Across 1,278,863 hospitalizations, 396,084 (31%) patients had T2DM and approximately 327,844 (26%) had obesity. GLP-1RA use (n=1,274) was low among those with a diagnosis of T2DM (0.3%) or obesity (0.7%), despite a high prevalence of cardiovascular disease (36%). In contrast, the use of diabetes medications lacking cardiovascular benefit was high during inpatient hospitalizations related to diabetes: 60% (n=236,612) received insulin and 14% (n=54,885) received a sulfonylurea. Apart from T2DM (odds ratio [OR]=29.6, 95% confidence interval [CI] 23.5 to 37.2), characteristics associated with greater odds of receiving a GLP-1RA were seen in those 50 to 70 years of age (OR=1.71, 95% CI 1.38 to 2.11) compared with those <50 years of age, glycated hemoglobin >9% (OR=1.83, 95% CI 1.36 to 2.47) compared with <6.5%, and highest income quintile (OR=1.73, 95% CI 1.45 to 2.07) compared with lowest income quintile.

CONCLUSION

Knowledge translation interventions are needed to address the low adoption of GLP-1RAs among hospitalized patients with T2DM and obesity, who are the most likely to benefit from this treatment.

摘要

背景

胰高血糖素样肽-1受体激动剂(GLP-1RAs)是治疗2型糖尿病(T2DM)和肥胖症的有效药物,然而,最有可能从中受益的人群对其的接受程度一直较低。

方法

我们对2015年至2022年间在加拿大安大略省16家医院住院的成年人的药物暴露情况进行了横断面分析。

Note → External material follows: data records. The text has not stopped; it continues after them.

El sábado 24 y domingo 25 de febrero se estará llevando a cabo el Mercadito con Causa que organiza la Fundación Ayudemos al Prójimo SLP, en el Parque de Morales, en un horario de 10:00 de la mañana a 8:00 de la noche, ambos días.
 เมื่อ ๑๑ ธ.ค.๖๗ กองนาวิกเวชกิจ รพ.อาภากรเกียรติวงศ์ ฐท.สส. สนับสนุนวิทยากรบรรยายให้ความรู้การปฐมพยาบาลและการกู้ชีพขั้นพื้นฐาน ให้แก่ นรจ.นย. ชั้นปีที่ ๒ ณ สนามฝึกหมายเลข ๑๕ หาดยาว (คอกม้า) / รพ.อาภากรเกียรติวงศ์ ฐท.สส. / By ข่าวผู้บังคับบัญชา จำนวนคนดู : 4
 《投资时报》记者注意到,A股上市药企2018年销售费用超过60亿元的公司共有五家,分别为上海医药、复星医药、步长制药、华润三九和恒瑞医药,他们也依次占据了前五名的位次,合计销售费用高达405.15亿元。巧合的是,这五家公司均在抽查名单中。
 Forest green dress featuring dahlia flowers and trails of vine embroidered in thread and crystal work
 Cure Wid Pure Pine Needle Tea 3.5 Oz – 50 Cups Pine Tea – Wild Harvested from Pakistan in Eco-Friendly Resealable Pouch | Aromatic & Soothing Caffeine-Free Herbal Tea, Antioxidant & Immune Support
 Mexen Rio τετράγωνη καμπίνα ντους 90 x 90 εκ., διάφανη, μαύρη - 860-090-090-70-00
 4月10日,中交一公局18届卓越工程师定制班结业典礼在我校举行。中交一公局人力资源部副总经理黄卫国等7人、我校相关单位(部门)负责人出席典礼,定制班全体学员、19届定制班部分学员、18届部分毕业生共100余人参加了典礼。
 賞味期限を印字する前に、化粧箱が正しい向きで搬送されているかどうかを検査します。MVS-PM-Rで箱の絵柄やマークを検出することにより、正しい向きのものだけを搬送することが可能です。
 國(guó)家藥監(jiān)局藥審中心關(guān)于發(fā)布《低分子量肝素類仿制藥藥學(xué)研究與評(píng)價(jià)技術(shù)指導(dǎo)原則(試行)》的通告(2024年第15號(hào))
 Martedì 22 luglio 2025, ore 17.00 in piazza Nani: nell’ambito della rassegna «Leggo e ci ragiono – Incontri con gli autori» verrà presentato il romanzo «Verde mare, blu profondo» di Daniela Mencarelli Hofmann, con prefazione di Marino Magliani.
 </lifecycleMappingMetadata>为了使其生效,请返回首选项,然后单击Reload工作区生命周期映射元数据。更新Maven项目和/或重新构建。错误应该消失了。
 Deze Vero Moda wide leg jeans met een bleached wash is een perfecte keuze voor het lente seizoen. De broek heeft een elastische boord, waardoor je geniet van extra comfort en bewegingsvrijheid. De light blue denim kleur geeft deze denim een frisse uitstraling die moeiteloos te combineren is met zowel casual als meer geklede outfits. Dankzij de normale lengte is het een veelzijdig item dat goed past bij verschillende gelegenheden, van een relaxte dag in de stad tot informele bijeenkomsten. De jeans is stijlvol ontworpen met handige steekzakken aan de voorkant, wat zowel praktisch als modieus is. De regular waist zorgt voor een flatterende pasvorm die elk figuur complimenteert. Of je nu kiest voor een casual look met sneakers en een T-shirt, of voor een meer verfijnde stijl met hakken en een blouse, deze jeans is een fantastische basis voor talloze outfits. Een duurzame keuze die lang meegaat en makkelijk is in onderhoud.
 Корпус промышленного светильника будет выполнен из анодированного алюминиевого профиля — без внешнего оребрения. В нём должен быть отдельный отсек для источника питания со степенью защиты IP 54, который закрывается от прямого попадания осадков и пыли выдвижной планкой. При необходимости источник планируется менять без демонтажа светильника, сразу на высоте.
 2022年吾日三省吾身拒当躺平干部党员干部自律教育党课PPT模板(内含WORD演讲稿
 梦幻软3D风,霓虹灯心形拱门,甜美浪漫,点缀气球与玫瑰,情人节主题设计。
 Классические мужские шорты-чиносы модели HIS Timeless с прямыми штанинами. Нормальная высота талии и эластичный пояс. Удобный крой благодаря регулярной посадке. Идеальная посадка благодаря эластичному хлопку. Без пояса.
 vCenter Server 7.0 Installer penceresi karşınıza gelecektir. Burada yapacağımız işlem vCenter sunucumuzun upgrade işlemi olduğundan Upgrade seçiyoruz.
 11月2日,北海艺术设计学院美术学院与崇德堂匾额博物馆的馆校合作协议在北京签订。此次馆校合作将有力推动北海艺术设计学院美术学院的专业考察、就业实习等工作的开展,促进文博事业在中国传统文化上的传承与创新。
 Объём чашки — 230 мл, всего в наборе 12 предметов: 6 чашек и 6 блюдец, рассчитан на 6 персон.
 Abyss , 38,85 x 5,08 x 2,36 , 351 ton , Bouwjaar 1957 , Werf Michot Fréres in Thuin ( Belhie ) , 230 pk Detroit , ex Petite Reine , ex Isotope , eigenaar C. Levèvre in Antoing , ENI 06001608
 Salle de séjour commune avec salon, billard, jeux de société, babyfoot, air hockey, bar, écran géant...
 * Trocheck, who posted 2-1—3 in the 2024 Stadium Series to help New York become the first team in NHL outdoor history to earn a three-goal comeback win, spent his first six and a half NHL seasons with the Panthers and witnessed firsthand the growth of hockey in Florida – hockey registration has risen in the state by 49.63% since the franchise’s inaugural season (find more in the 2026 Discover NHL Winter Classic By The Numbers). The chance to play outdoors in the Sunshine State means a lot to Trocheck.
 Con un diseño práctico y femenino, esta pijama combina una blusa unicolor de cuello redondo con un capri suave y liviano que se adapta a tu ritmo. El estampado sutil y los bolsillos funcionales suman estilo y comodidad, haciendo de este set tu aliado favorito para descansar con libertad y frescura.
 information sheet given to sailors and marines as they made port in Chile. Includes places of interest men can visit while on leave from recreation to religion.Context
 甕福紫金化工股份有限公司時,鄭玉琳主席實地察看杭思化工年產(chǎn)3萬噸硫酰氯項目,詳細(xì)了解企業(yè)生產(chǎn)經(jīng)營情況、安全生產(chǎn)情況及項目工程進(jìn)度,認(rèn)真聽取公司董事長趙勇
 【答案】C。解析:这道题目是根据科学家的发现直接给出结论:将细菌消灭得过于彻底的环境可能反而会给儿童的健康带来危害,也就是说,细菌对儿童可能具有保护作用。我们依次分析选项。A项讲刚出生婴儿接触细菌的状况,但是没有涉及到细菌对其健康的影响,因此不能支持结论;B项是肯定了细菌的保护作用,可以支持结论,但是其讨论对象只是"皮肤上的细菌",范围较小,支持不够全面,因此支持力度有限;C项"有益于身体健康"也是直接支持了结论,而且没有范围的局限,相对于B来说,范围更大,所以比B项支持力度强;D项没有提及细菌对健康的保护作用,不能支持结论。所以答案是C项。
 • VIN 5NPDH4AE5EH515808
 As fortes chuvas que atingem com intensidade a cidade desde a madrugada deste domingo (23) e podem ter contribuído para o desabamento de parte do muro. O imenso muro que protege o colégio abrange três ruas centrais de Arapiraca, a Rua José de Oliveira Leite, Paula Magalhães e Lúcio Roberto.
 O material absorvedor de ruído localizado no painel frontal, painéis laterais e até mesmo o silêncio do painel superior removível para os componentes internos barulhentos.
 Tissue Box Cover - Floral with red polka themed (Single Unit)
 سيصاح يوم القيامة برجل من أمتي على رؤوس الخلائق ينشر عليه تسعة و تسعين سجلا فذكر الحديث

我们估计了患有T2DM、肥胖症和心血管疾病的人群比例。我们确定了GLP-1RAs的使用频率,并进行多变量逻辑回归分析以确定与使用GLP-1RAs相关的因素。

结果

在1,278,863例住院病例中,396,084例(31%)患者患有T2DM,约327,844例(26%)患有肥胖症。尽管心血管疾病患病率较高(36%),但在诊断为T2DM(0.3%)或肥胖症(0.7%)的患者中,GLP-1RAs的使用量较低(n = 1,274)。相比之下,在与糖尿病相关的住院治疗期间,缺乏心血管益处的糖尿病药物使用量较高:60%(n = 236,612)接受胰岛素治疗,14%(n = 54,885)接受磺脲类药物治疗。除了T2DM(比值比[OR]=29.6,95%置信区间[CI]23.5至37.2)外,与接受GLP-1RAs几率较高相关的特征在50至70岁人群中(OR = 1.71,95%CI 1.38至2.11)比<50岁人群更常见,糖化血红蛋白>9%(OR = 1.83,95%CI 1.36至2.47)比<6.5%更常见,以及最高收入五分位数人群(OR = 1.73,95%CI 1.45至2.07)比最低收入五分位数人群更常见。

结论

需要开展知识转化干预措施,以解决T2DM和肥胖症住院患者中GLP-1RAs使用率低的问题,这些患者最有可能从这种治疗中受益。